York, North York and East York are all former municipalities or districts within the current city of Toronto. It is up to debate whether these should be tagged at "cities".
Don Mills is not a city, and to some people's surprise, neither is "Torontoitialian".
With the cleaned dataset, a final set of queries were performed to explore the data.
toronto_map.osm --> 99 MB
toronto.db -------> 55 MB
nodes.csv --------> 30 MB
nodes_tags.csv ---> 10 MB
ways.csv ---------> 4 MB
ways_nodes.csv ---> 10 MB
ways_tags.csv ----> 8 MB
SELECT count(distinct uid) FROM (SELECT uid FROM nodes UNION ALL SELECT uid FROM ways) a;
770
SELECT uid,count(*) AS num_contributions
FROM (SELECT uid FROM nodes UNION ALL SELECT uid FROM ways) a
GROUP BY 1
ORDER BY num_contributions DESC
LIMIT 10;
user,num_contributions
1679,335811
40964,55926
3551880,15019
1060930,6434
1108251,4254
3151933,2915
1964104,2878
19492,2505
30035,2006
158267,1989
To appreciate the the difference between the top 10 users, a bar plot is included below.
SELECT count(id) FROM nodes;
388107
SELECT count(id) FROM ways;
72454
SELECT key,count(*)
FROM ways_tags
GROUP BY 1
ORDER BY count(*) DESC
LIMIT 10;
source,40284
highway,24179
interpolation,19612
building,18910
surface,13970
name,12666
lanes,11077
access,6659
service,4118
street,3873
SELECT key,count(*)
FROM nodes_tags
GROUP BY 1
ORDER BY count(*) DESC
LIMIT 10;
street,45451
housenumber,45431
source,43160
city,35844
highway,11247
name,10051
amenity,8237
country,5622
created_by,5340
operator,3848
SELECT value,count(*)
FROM nodes_tags
WHERE key='amenity'
GROUP BY 1
ORDER BY count(*) DESC
LIMIT 20;
restaurant,919
fast_food,844
bench,788
cafe,553
post_box,550
parking,450
bicycle_parking,329
waste_basket,307
bank,278
vending_machine,235
waste_basket;recycling,233
telephone,223
recycling,186
pharmacy,177
pub,152
bicycle_rental,124
relay_box,122
dentist,121
car_sharing,91
place_of_worship,91
It is clear that a significant effort has been undertaken by various users to contribute data to the Toronto OSM area. To ensure accurate data is entered, I believe OSM should implement some data quality rules that restrict the data that can be entered. For example, they could include postal code rules (i.e. number of characters, character format (integer vs. alphabetical charactr at certain positions)) based on the known postal format of the country. With cities and provinces, similar rules/restrictions could be put in place to ensure that users enter cities/provinces that actually exist. This could easily be checked against a database of existing cities and provinces for each country.

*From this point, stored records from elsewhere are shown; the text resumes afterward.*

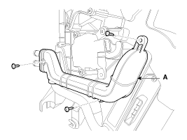 Снимите крышку радиатора отопителя (А) после ослабления крепления.
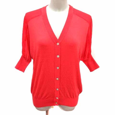 【中古】プラステ PLST カーディガン ニット Vネック ドルマンスリーブ 七分袖 2 M 赤 レッド /YK レディース
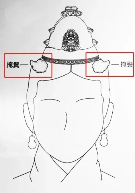 明代女子钟爱整齐、不露碎发的发式,掩鬓正好可以在发线处压住头发,通常成对儿出现,左右对称。
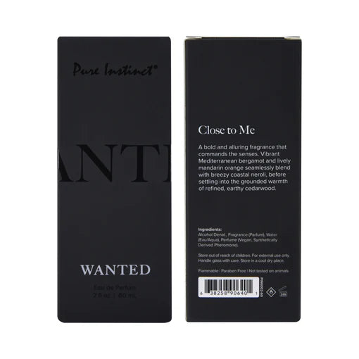 Pure Instinct Pheromone Eau De Parfum Wanted. A bold and alluring fragrance that commands the senses. Vibrant Mediterranean bergamot and lively mandarin orange seamlessly blend with breezy coastal neroli, before settling into the grounded warmth of refined, earthy cedarwood.
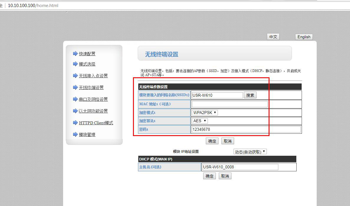 2、2號USR-W610 STA模式參數(shù)設(shè)置:
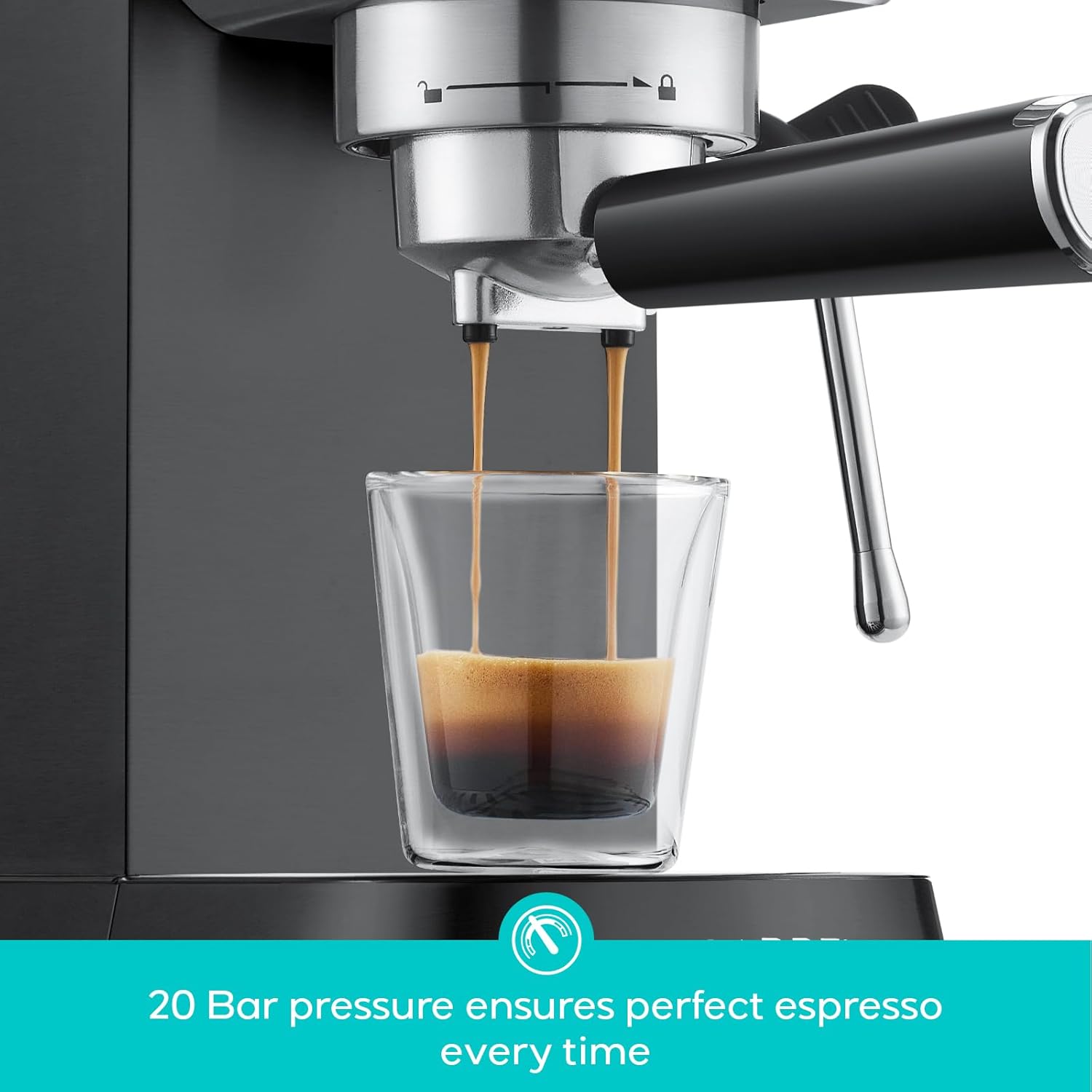 - Professional 20 Bar Pressure System: Semi-Automatic 2-in-1 Espresso Maker, with 20 bar professional Italian pump and 1350 W powerful motor. This compact espresso machine gives you top quality extraction, resulting in a more fragrant and rich aroma. The built-in pressure gauge on this cappuccino machine shows the exact pressure helping you make adjustments according to your personal taste preferences. You can create a cappuccino, latte or flat white at your home or office with our espresso coffee maker

Some anticipated problems with implementing such changes would be rules that are too restrictive and end up blocking valid values. Additionally, such rules could discourage users from contributing data due to the added difficulty.
For future work, it is recommended to implement more regular expressions to perform the data validation and cleaning, rather than the hard-coded values/logic that were used in mapParser.py.